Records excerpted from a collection
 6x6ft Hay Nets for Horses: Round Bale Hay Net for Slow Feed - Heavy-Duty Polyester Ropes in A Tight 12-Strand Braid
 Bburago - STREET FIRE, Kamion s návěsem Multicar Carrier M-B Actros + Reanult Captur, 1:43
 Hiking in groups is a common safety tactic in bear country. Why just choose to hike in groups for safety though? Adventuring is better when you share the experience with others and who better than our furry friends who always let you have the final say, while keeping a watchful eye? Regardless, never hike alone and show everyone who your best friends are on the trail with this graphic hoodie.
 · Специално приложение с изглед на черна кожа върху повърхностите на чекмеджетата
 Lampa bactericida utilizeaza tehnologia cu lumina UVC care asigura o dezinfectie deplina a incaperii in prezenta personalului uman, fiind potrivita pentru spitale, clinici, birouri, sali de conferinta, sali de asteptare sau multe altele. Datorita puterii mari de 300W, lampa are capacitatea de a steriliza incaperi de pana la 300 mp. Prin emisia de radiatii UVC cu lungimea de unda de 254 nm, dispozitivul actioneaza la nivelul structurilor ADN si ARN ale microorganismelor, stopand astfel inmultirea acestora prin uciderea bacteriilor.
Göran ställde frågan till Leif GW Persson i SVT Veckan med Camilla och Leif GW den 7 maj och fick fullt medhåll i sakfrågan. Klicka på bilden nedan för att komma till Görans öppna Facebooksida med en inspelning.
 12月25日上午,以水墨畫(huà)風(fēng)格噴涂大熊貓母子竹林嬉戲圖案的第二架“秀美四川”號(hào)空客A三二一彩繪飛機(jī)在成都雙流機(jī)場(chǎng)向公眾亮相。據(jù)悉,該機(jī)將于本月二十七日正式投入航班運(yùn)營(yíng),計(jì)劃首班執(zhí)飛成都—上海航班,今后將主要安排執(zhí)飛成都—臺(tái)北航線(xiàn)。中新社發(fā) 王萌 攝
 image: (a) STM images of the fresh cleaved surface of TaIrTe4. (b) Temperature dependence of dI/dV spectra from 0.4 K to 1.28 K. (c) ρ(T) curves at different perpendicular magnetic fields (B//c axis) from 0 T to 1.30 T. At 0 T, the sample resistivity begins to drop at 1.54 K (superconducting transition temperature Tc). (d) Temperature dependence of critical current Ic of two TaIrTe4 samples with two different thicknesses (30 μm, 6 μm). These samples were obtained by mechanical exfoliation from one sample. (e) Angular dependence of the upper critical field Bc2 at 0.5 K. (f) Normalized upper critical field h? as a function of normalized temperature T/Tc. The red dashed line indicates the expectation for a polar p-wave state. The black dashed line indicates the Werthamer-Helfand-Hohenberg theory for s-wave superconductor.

*Description of the task:*
The lines from the one holding "Göran ställde frågan" to the end of the entries are to be repeated exactly, with both ends included and nothing else.

*Response to this task:*
Göran ställde frågan till Leif GW Persson i SVT Veckan med Camilla och Leif GW den 7 maj och fick fullt medhåll i sakfrågan. Klicka på bilden nedan för att komma till Görans öppna Facebooksida med en inspelning.
 12月25日上午,以水墨畫(huà)風(fēng)格噴涂大熊貓母子竹林嬉戲圖案的第二架“秀美四川”號(hào)空客A三二一彩繪飛機(jī)在成都雙流機(jī)場(chǎng)向公眾亮相。據(jù)悉,該機(jī)將于本月二十七日正式投入航班運(yùn)營(yíng),計(jì)劃首班執(zhí)飛成都—上海航班,今后將主要安排執(zhí)飛成都—臺(tái)北航線(xiàn)。中新社發(fā) 王萌 攝
 image: (a) STM images of the fresh cleaved surface of TaIrTe4. (b) Temperature dependence of dI/dV spectra from 0.4 K to 1.28 K. (c) ρ(T) curves at different perpendicular magnetic fields (B//c axis) from 0 T to 1.30 T. At 0 T, the sample resistivity begins to drop at 1.54 K (superconducting transition temperature Tc). (d) Temperature dependence of critical current Ic of two TaIrTe4 samples with two different thicknesses (30 μm, 6 μm). These samples were obtained by mechanical exfoliation from one sample. (e) Angular dependence of the upper critical field Bc2 at 0.5 K. (f) Normalized upper critical field h? as a function of normalized temperature T/Tc. The red dashed line indicates the expectation for a polar p-wave state. The black dashed line indicates the Werthamer-Helfand-Hohenberg theory for s-wave superconductor.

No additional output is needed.